Stored data entries
┌──
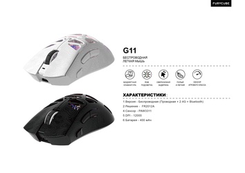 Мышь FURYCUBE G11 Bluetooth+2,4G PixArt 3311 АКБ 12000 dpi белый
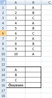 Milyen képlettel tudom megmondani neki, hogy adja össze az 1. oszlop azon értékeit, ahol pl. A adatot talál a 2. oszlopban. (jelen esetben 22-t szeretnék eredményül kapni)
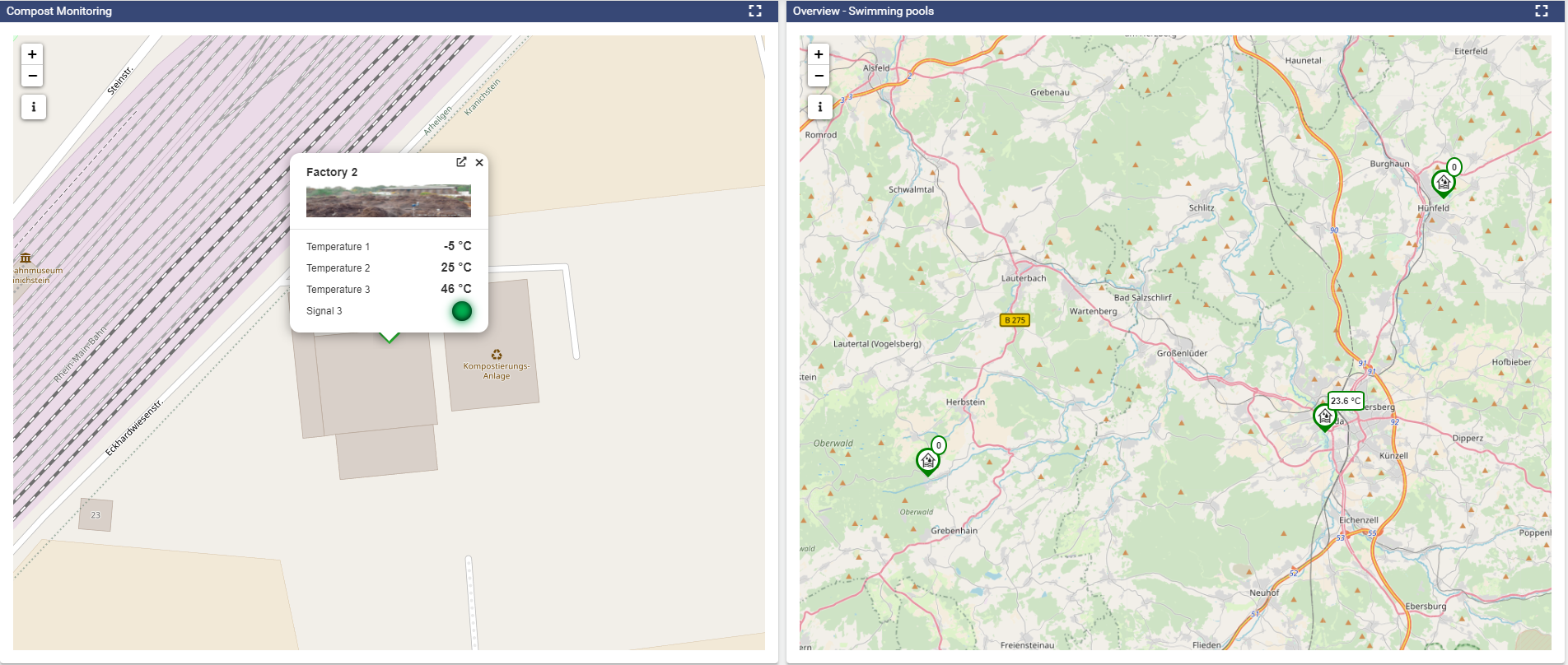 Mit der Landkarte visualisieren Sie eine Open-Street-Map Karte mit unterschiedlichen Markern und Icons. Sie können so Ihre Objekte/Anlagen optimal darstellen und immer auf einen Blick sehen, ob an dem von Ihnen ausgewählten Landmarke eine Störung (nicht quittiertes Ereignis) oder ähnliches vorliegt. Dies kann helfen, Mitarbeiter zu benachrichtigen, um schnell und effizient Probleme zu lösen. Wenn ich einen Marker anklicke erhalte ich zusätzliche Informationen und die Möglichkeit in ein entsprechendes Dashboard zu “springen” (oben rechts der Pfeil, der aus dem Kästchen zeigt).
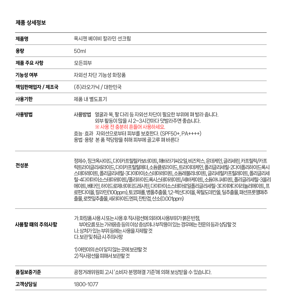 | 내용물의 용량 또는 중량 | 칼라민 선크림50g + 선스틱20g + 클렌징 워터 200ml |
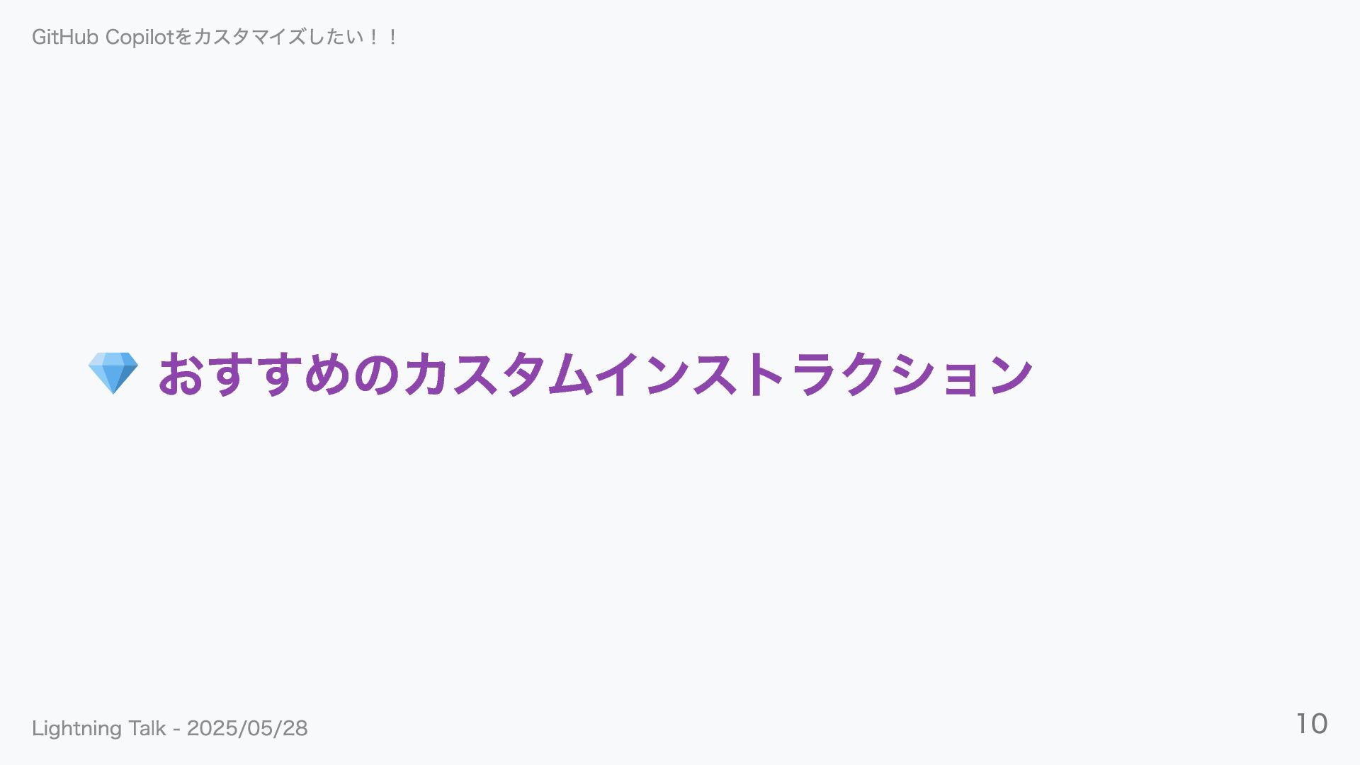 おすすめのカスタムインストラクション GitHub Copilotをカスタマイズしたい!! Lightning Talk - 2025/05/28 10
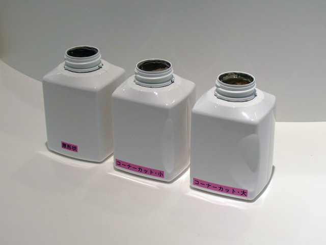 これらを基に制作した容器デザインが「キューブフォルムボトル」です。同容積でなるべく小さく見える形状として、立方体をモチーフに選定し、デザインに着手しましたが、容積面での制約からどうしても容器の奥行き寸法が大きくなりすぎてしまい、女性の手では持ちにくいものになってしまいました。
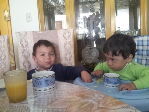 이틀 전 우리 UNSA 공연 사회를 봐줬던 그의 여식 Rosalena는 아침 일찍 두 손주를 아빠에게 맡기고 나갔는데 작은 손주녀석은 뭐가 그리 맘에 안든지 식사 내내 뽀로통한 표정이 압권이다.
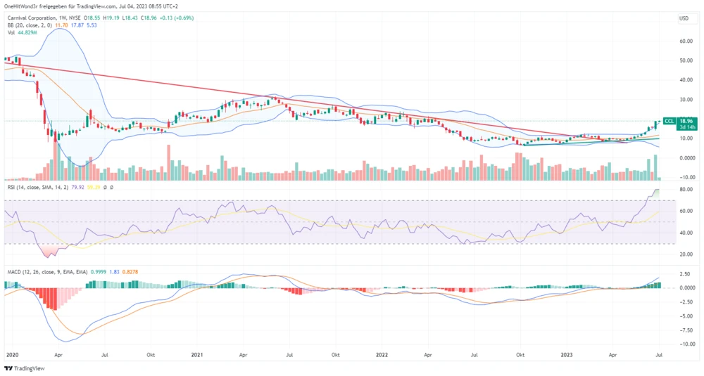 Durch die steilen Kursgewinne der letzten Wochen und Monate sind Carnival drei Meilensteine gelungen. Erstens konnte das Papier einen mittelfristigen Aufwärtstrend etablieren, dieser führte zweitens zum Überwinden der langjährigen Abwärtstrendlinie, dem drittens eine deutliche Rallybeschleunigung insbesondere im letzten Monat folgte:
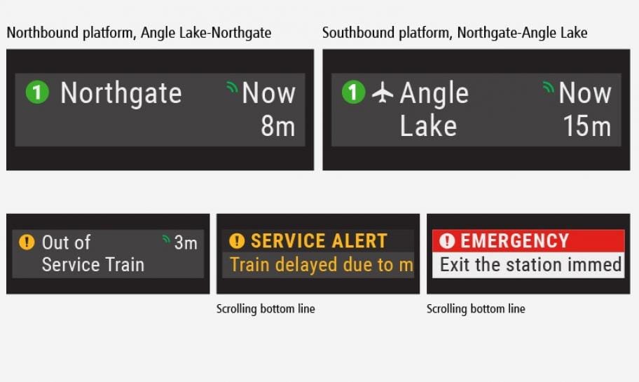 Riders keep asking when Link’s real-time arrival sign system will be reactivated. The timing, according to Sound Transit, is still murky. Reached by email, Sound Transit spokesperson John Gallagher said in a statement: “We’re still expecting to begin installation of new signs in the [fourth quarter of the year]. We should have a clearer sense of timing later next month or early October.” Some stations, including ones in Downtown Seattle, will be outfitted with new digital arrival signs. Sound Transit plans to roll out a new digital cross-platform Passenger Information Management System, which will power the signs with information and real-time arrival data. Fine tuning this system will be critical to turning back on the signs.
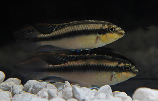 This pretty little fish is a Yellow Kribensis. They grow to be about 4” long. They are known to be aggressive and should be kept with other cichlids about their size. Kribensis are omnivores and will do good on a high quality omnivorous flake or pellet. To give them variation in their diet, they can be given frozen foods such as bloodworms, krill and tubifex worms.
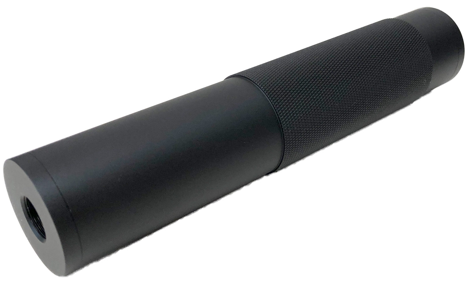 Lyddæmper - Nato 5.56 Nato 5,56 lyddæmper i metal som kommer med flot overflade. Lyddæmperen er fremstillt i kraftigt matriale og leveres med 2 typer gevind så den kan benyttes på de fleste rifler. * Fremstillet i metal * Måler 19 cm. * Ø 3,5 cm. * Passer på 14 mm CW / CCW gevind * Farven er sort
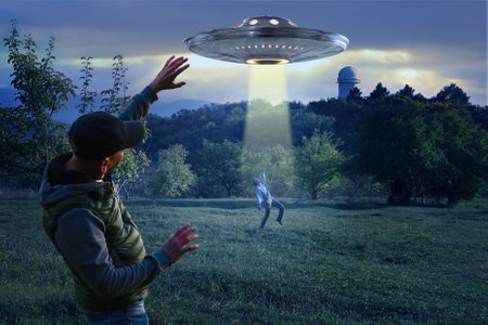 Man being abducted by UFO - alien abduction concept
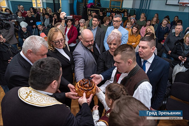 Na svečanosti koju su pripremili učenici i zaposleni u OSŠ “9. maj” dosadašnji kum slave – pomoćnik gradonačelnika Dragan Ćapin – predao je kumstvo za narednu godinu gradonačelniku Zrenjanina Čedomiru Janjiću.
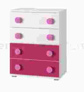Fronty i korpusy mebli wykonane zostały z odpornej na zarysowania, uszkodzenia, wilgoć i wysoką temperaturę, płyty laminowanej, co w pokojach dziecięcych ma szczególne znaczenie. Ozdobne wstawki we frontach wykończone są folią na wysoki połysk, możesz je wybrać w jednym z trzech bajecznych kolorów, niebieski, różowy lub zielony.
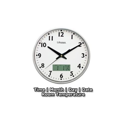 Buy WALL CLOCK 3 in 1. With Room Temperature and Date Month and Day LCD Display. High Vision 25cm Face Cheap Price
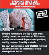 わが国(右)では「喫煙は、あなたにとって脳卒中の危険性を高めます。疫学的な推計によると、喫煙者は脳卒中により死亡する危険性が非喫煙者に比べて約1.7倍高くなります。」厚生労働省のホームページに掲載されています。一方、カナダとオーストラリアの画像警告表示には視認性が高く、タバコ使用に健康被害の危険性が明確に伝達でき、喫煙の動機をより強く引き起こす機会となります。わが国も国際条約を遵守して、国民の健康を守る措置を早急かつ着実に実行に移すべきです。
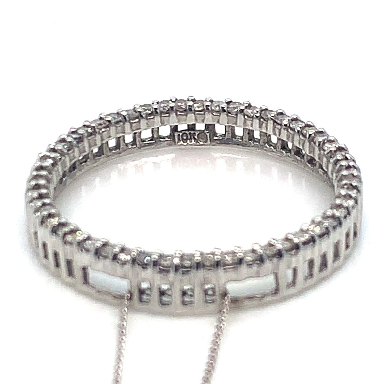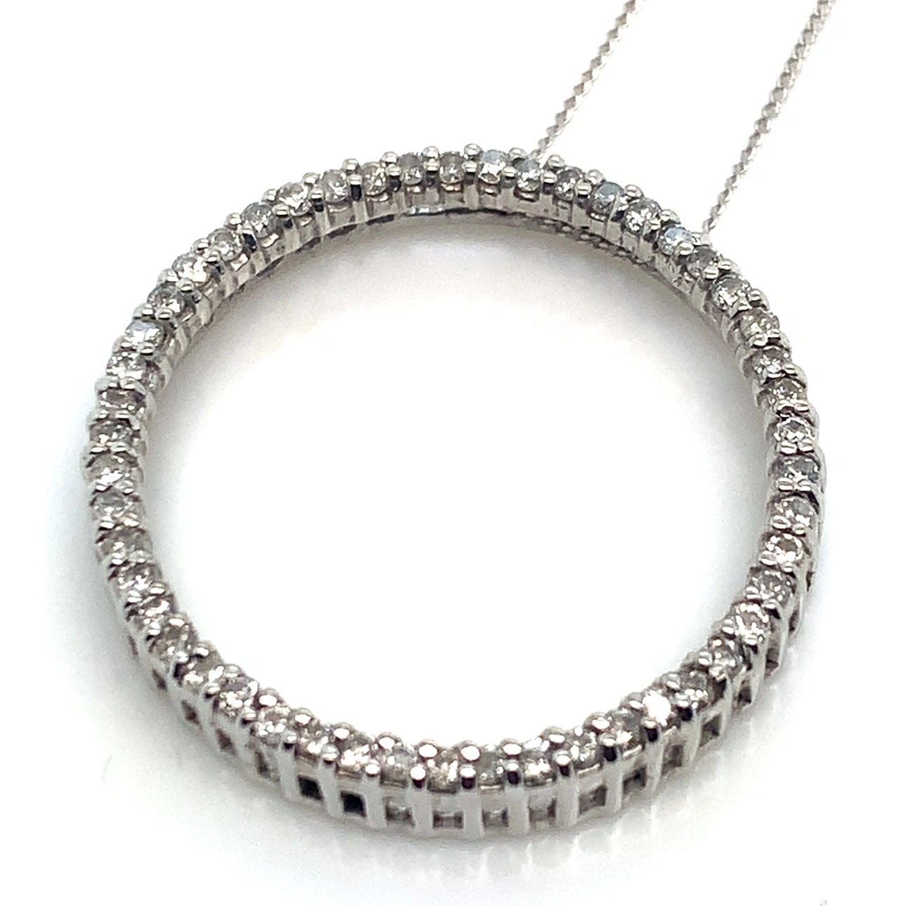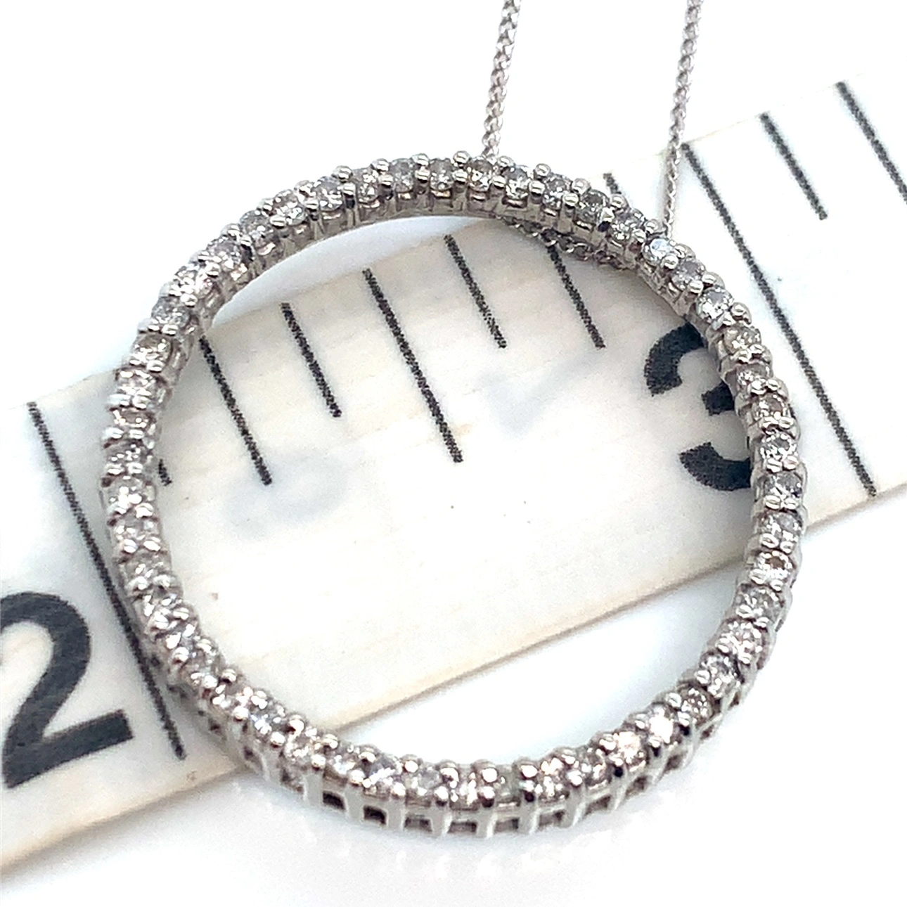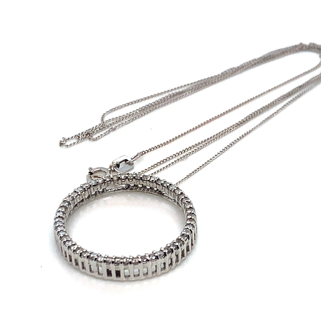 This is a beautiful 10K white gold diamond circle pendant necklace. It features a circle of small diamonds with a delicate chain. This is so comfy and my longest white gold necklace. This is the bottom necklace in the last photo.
└──
PROBLEM DETAILS – If a picture sits between the line containing "이틀 전 우리 UNSA" and the line containing "Durch die steilen", leave it out, and return the lines of that range above exactly, both ends included.

WORKED SOLUTION –
 이틀 전 우리 UNSA 공연 사회를 봐줬던 그의 여식 Rosalena는 아침 일찍 두 손주를 아빠에게 맡기고 나갔는데 작은 손주녀석은 뭐가 그리 맘에 안든지 식사 내내 뽀로통한 표정이 압권이다.
 Durch die steilen Kursgewinne der letzten Wochen und Monate sind Carnival drei Meilensteine gelungen. Erstens konnte das Papier einen mittelfristigen Aufwärtstrend etablieren, dieser führte zweitens zum Überwinden der langjährigen Abwärtstrendlinie, dem drittens eine deutliche Rallybeschleunigung insbesondere im letzten Monat folgte:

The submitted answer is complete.